Work instructions —
Output the lines of the listing below exactly, starting at the line containing "Regarding seed weight, the" and stopping after the last line, with any pictures dropped.

Provided entries —

═══

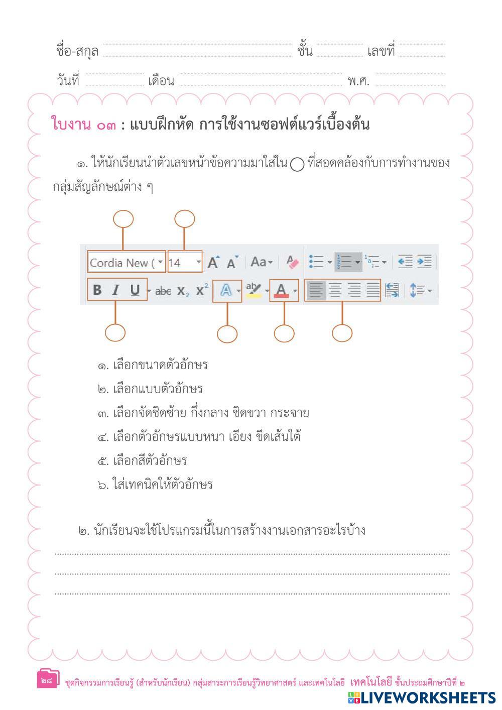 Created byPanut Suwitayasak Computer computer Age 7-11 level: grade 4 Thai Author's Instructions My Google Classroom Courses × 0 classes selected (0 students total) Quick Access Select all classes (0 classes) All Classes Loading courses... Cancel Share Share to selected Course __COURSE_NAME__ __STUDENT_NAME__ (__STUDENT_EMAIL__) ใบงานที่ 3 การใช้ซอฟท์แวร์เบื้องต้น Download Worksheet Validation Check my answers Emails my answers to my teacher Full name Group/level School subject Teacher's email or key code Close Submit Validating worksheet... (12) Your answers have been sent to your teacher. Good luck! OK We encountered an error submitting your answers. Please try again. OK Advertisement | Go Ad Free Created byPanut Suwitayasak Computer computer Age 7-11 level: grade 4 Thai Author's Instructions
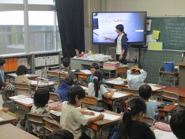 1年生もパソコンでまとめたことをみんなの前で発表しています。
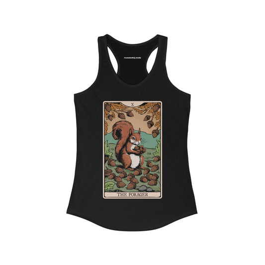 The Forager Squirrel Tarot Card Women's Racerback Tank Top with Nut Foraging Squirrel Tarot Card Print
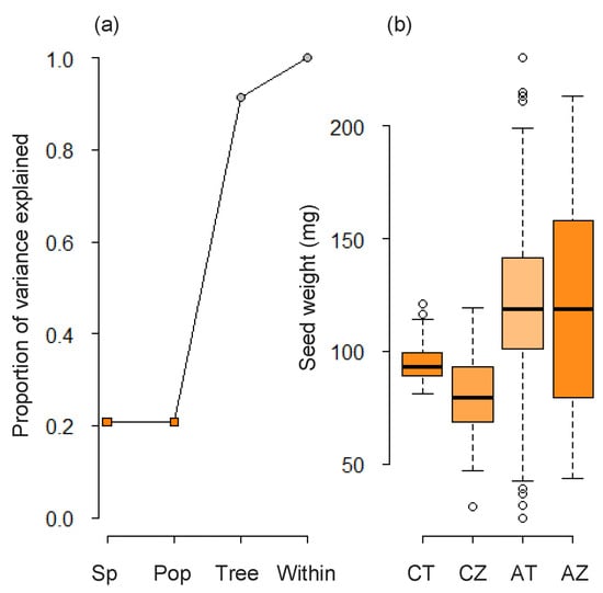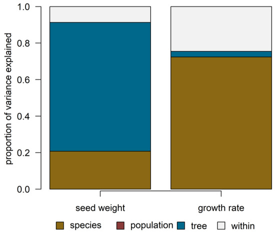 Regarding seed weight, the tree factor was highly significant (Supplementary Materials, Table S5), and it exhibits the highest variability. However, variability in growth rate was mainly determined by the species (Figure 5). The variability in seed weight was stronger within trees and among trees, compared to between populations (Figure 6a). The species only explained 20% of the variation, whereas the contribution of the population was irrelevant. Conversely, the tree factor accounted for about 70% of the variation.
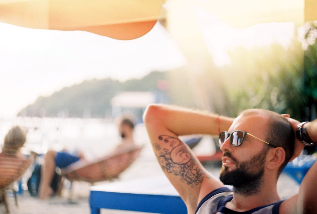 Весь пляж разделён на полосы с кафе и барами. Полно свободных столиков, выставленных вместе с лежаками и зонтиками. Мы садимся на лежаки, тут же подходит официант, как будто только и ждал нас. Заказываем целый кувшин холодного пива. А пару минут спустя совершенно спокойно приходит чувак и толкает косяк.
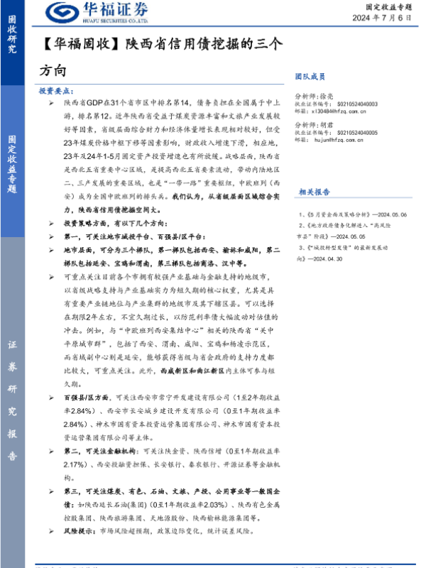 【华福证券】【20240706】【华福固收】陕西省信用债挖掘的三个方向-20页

═══

Exercise output —
 Regarding seed weight, the tree factor was highly significant (Supplementary Materials, Table S5), and it exhibits the highest variability. However, variability in growth rate was mainly determined by the species (Figure 5). The variability in seed weight was stronger within trees and among trees, compared to between populations (Figure 6a). The species only explained 20% of the variation, whereas the contribution of the population was irrelevant. Conversely, the tree factor accounted for about 70% of the variation.
 Весь пляж разделён на полосы с кафе и барами. Полно свободных столиков, выставленных вместе с лежаками и зонтиками. Мы садимся на лежаки, тут же подходит официант, как будто только и ждал нас. Заказываем целый кувшин холодного пива. А пару минут спустя совершенно спокойно приходит чувак и толкает косяк.
 【华福证券】【20240706】【华福固收】陕西省信用债挖掘的三个方向-20页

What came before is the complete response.